It doesn't seem yet to have dawned on Tony Abbott that he was elected
because he wasn't Julia Gillard or Kevin Rudd, not because voters
thought it was time we made a lurch to the Right.
The man who imagines
he has a "mandate" to mistreat the children of boat people, ensure free
speech for bigots, give top appointments to big business mates and
reintroduce knights and dames, represented himself as a harmless
populist before the election.
The other thing he doesn't seem to
have realised is that just as he has us moving to reduce our commitment
to action against climate change and to make the budget much less fair,
the rest of the advanced economies are moving the opposite way.
President
Obama is taking steps to overcome Congress's refusal to act on global
warming, the Chinese get more concerned about it as each month passes
and the International Monetary Fund is chastising us for our apostasy.
And
while we use our budget to widen the gap between rich and poor, people
in other countries are realising the need to narrow it.
Wayne
Swan, former Labor treasurer, noted in a speech on Monday that
"centre-right political leaders across the globe are acknowledging the
obvious truth that capitalism is facing an existential challenge ...

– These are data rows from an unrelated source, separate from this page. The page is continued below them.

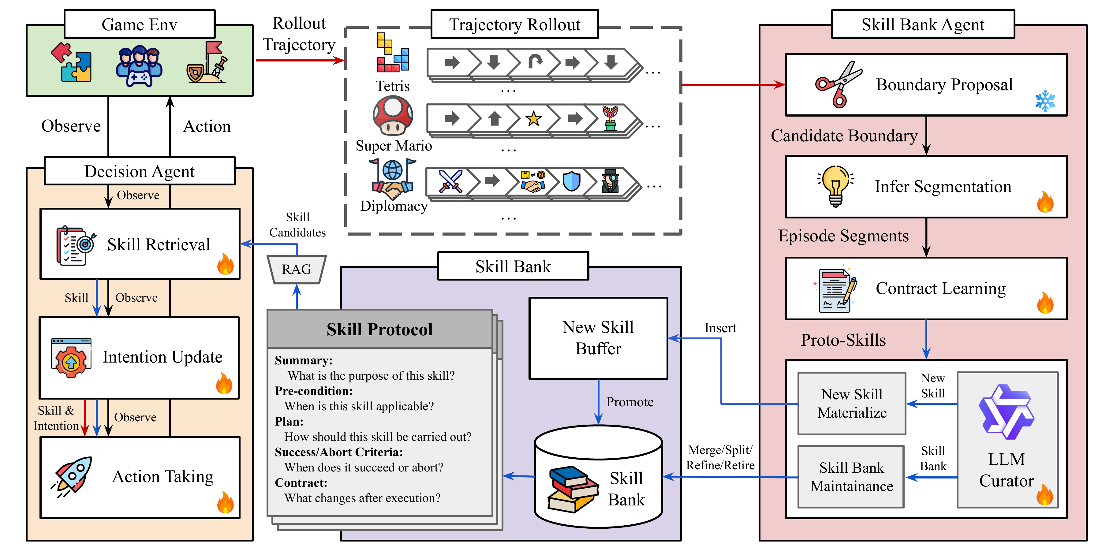 | Apr 2026: | We release a technical report introducing COS-PLAY, a co-evolution framework where an LLM decision agent and a skill bank agent jointly improve through GRPO, achieving over 25.1% average reward improvement across six game environments with an 8B model against frontier LLM baselines. The project webpage is released here. |
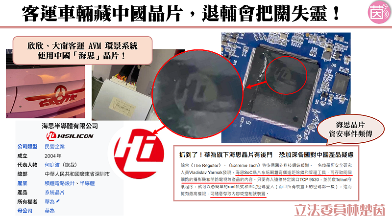 林楚茵在質詢時出示公車環景系統(AVM)拆解照片,指出晶片上的Logo雖遭刻意磨除,仍可清楚辨識為海思半導體產品。她強調,搭載中國晶片的電動公車等同移動式偵防設備,已構成國家安全重大隱患。林楚茵進一步指出,欣欣與大南客運最初回報系統產地為「台灣與荷蘭」,經她提供照片佐證並要求抽查後,退輔會才在8日更正,確認公車廠牌「創奕」所使用的「誠益」系統晶片產地確實為中國,且採購時間為2025年(民國114年),並非舊合約誤用。
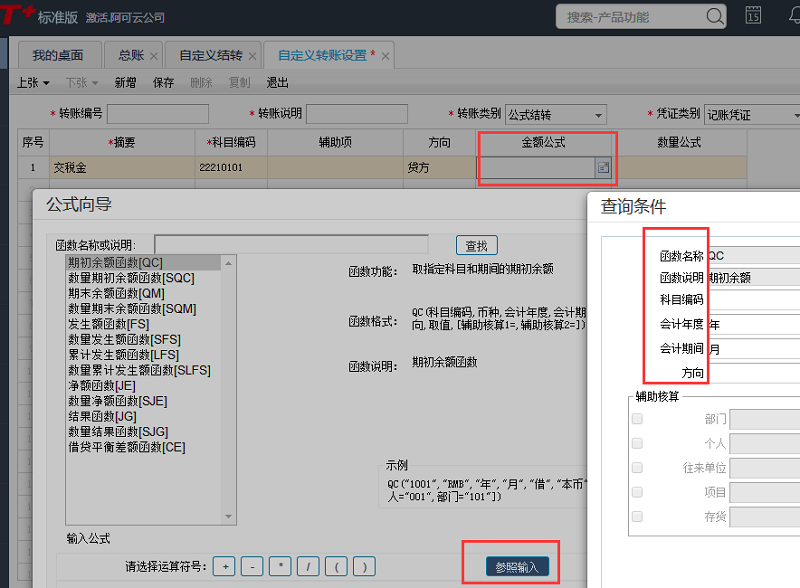 4、填写结转科目、方向,设置结转公式。
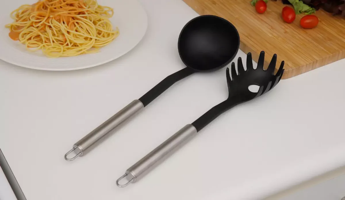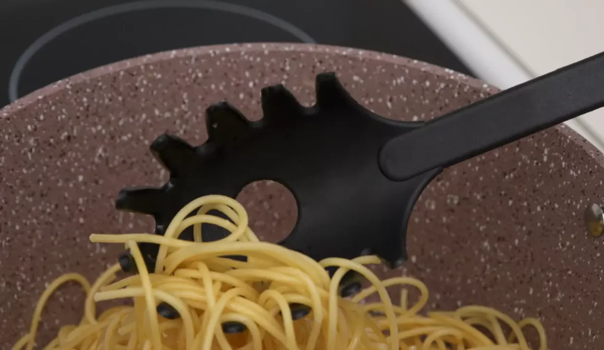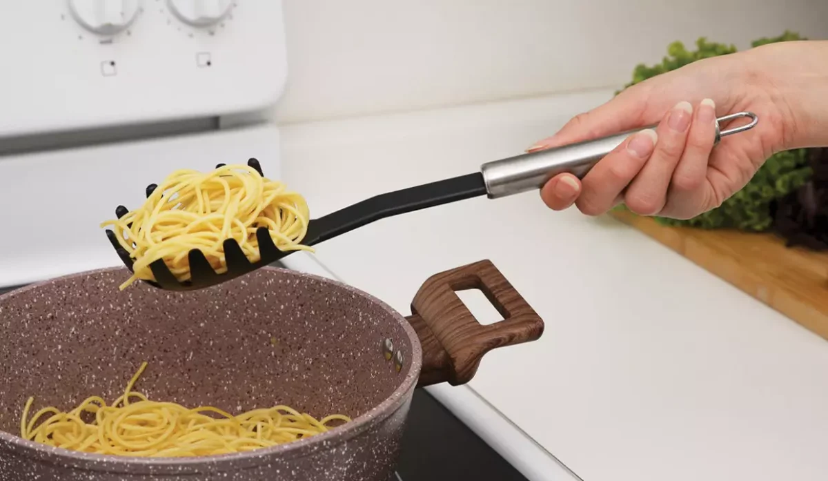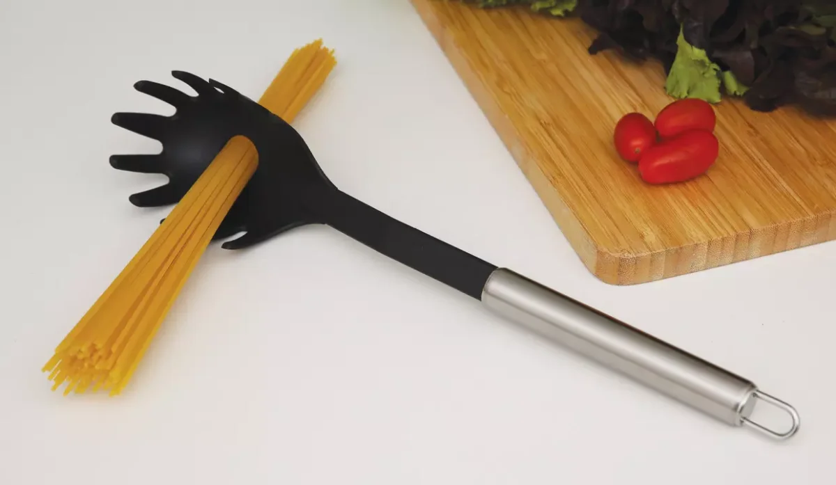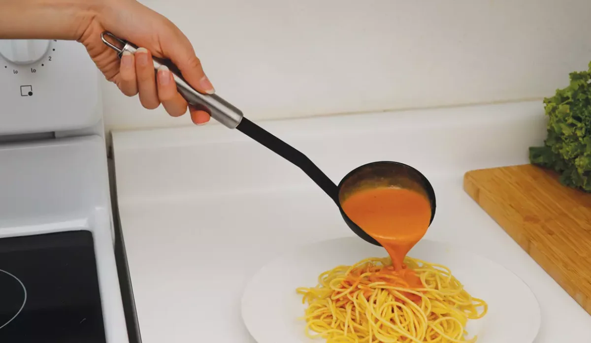 - El cucharón cuenta con orificio para medir una porción de pasta.
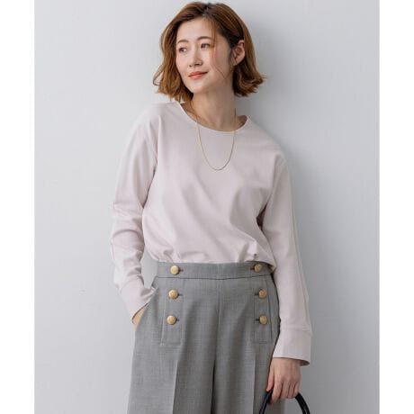 シンプルなフロントデザインに、後ろに配されたゴールドのボタンが目を惹くTEEブラウスです。合わせやすいクルーネックは、どんなスタイリングにも馴染み、洗練された印象を与えます。手首を美しく見せるカフスデザインが、さりげない華やかさをプラス。オフィスでのきれいめスタイルから、休日のカジュアルダウンまで、幅広いシーンで上品な着こなしを叶えます。カラーは、クリーンな印象のホワイト(#001)、柔らかな女性らしさを引き立てるピンク(#012)、知的で落ち着いたネイビー(#075)の3色展開です。
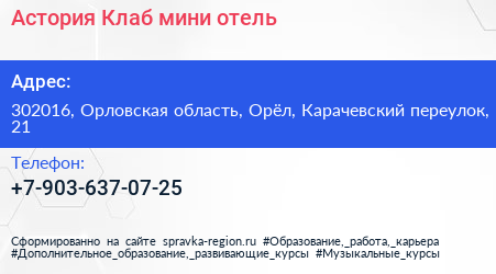 Астория Клаб, мини-отель по адресу 302016, Орловская область, Орёл, Карачевский переулок, 21 в дальнейшем Организация, размещена в следующих категориях:
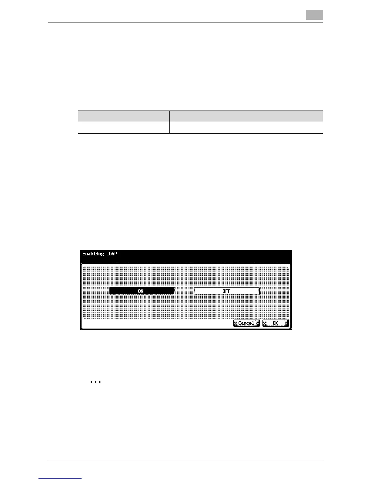 3 In the LDAP Setting screen, touch [1 Enabling LDAP].
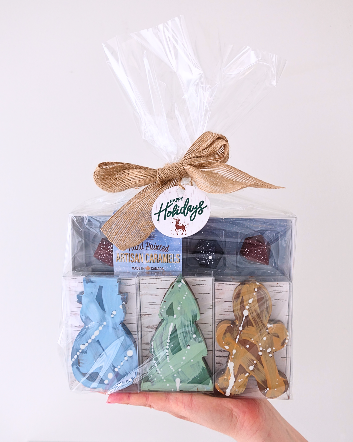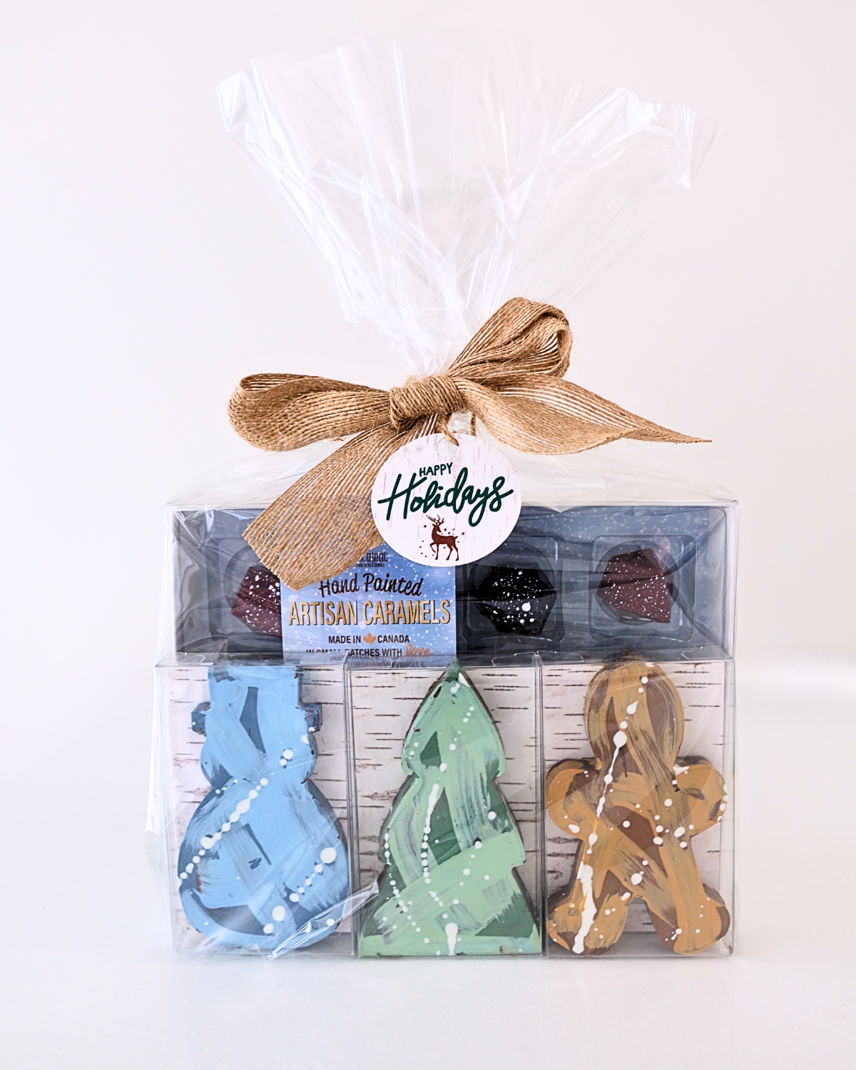 ABOUT THIS PRODUCT: Celebrate the season with this beautifully curated gift set featuring two festive favourites: three of our signature Truffle Bar Ornaments, and a Box of 12 handcrafted Winter Caramels in rich, seasonal flavours.
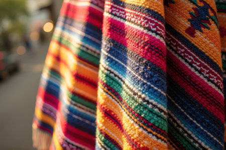 Vibrant mexican serape textiles displayed outdoors during sunset. That the image is generated using AI.
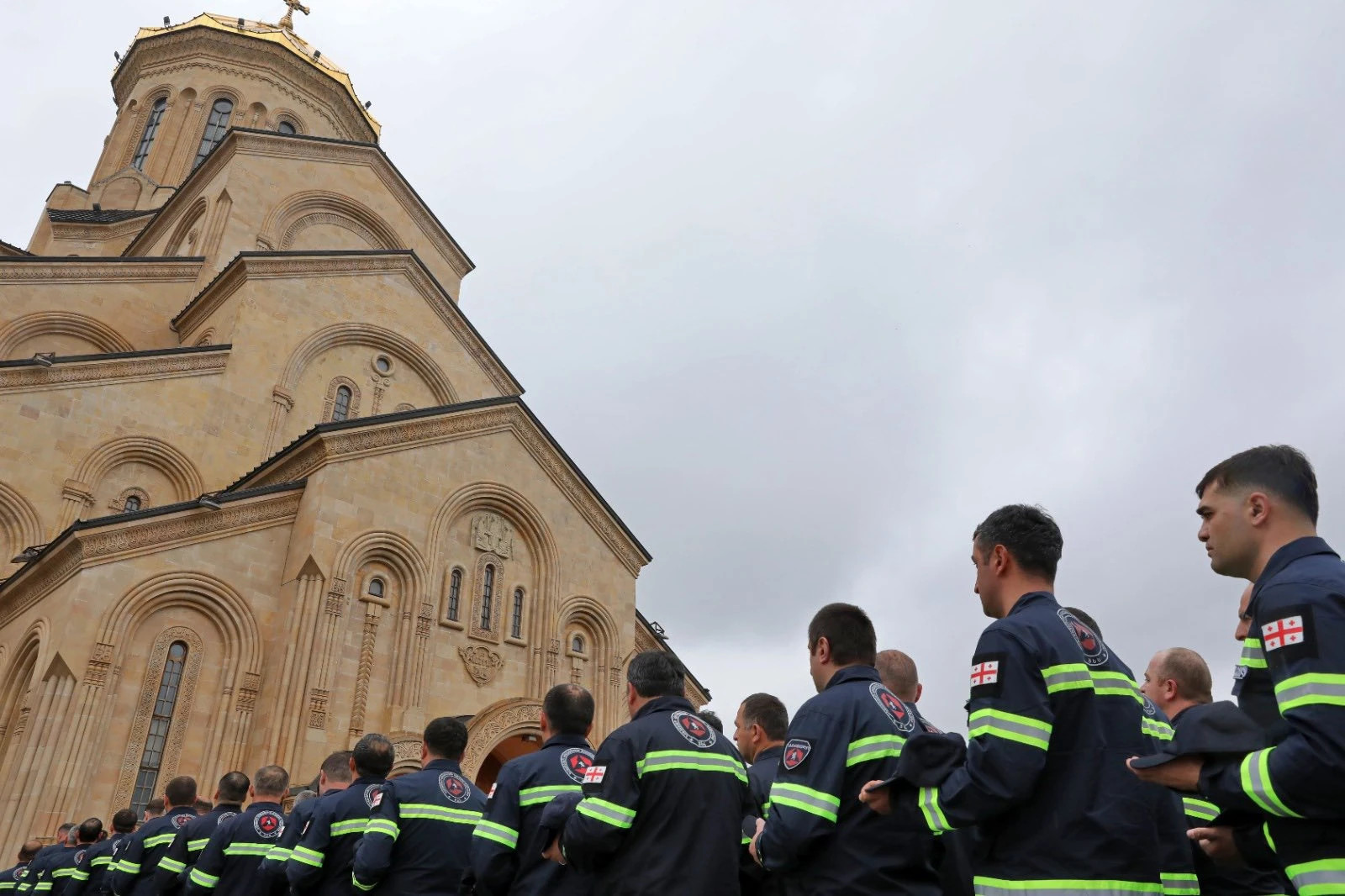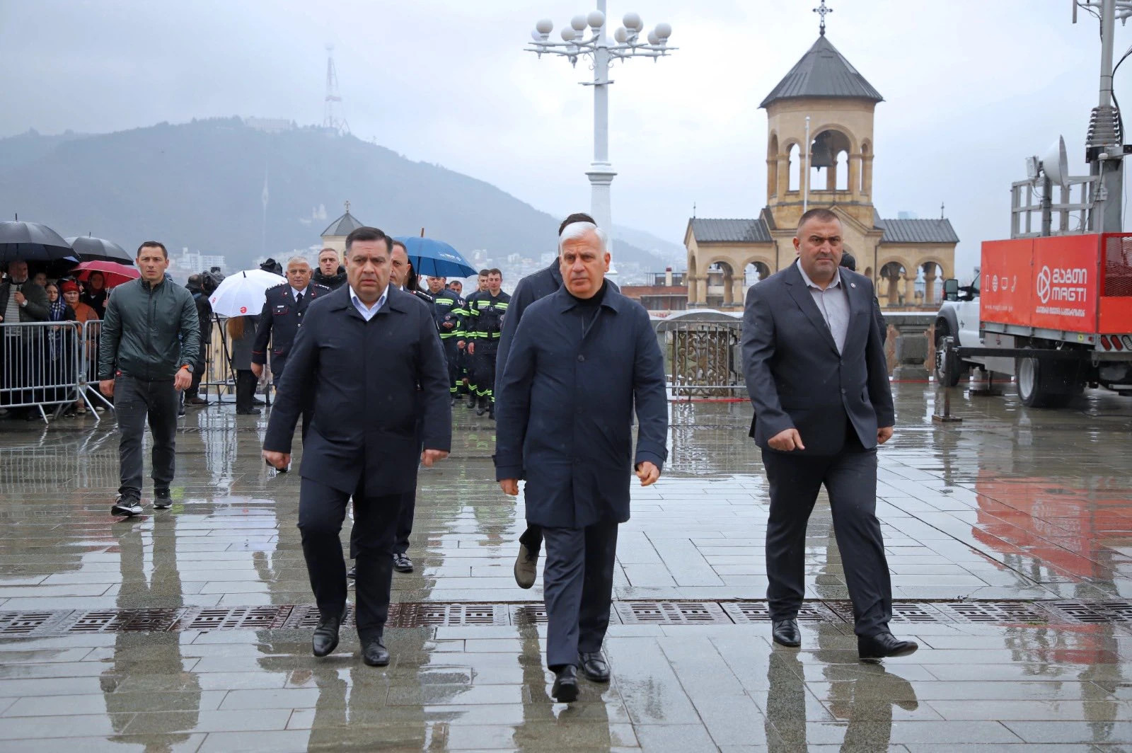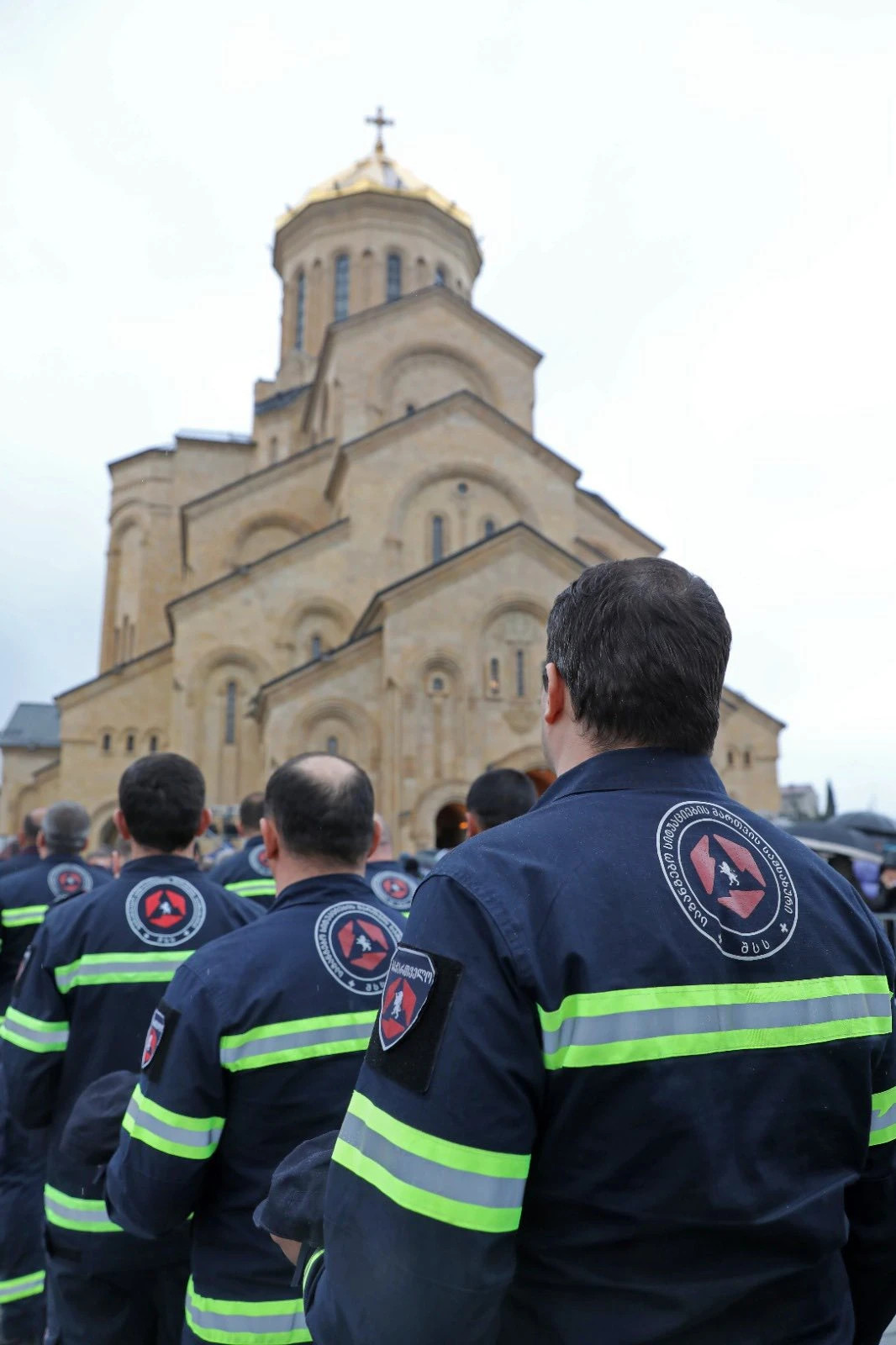 .ისინი, სამების საკათედრო ტაძარში მსვლელობით მივიდნენ. მსვლელობას წინ მიუძღვებოდნენ საგანგებო სიტუაციების მართვის სამსახურის უფროსი თემურ მღებრიშვილი და სამსახურის სხვა ხელმძღვანელი პირები.

only last week ratings agency Standard and Poor's emphasised yet again
that high inequality is a drag on growth".
In Australia, however,
an increasing "vocal minority has decided to oppose any reform, no
matter how necessary and no matter how obvious in its benefits to the
whole nation, if they perceive it is in their short-term interests to do
so".
"This is a recipe for unnecessary political division and
widening social inequality, and unfortunately permanent reform failure,"
he says.
Australians had done much better than the Americans at
matching strong economic growth with social equity but, according to
Swan, "we're witnessing the Americanisation of the Right in this
country. Obsessed with defending the advantages of the wealthiest in our
society".
In his efforts to defend rather than correct his first
budget's unfairness, Joe Hockey seems to be doing just that. Meanwhile,
the messages from international authorities are very different.
In
a recent paper on policy challenges for the next 50 years, the
Organisation for Economic Co-operation and Development warned the
growing importance of skill-biased technological progress and the rising
demand for skills, will continue to widen the gap between high and low
wages.
Unless this was corrected by greater redistribution of
income, other OECD countries would end up facing almost the same level
of inequality as seen in the US today. "Rising inequalities may backlash
on growth, notably if they reduce economic opportunities available to
low-income talented individuals," it warns.
Christine Lagarde,
managing director of the International Monetary Fund, noted in a speech
that the 85 richest people in the world control as much wealth as the
poorest half of the global population - 3.5 billion people.
"With
facts like these, it is no wonder that rising inequality has risen to
the top of the agenda - not only among groups normally focused on social
justice, but also increasingly among politicians, central bankers and
business leaders," she said.
"Many would argue, however, that we
should ultimately care about equality of opportunity, not equality of
outcome." As it happens, Hockey has defended his budget's unfairness
with just that argument.
"The problem is that opportunities are
not equal. Money will always buy better-quality education and health
care, for example. But due to current levels of inequality, too many
people in too many countries have only the most basic access to these
services, if at all. The evidence also shows that social mobility is
more stunted in less equal societies."
Disparity also brings
division. "The principles of solidarity and reciprocity that bind
societies together are more likely to erode in excessively unequal
societies. History also teaches us that democracy begins to fray at the
edges once political battles separate the haves against the have-nots."
Pope Francis put this in stark terms when he called increasing inequality "the root of social evil".
"It
is therefore not surprising that IMF research - which looked at 173
countries over the past 50 years - found that more unequal countries
tend to have lower and less durable economic growth," Legarde said.
Get
that? Until now, the conventional wisdom among economists has been that
efforts to reduce inequality come at the expense of economic growth.
Now a pillar of economic orthodoxy, the IMF, has found it works the
other way round: rising inequality seems to lead to slower growth.
Lagarde
said other IMF research had found that, in general, budgetary policies
had a good record of reducing social disparities. Social security
benefits and income taxes "have been able to reduce inequality by about a
third, on average, among the advanced economies".
What can we do?
"Some potentially beneficial options can include making income tax
systems more progressive without being excessive; making greater use of
property taxes; expanding access to education and health; and relying
more on active labour market programs and in-work social benefits."
Perhaps
in his efforts to get a modified version of his budget passed by the
Senate, Hockey could bring in the IMF as consultants.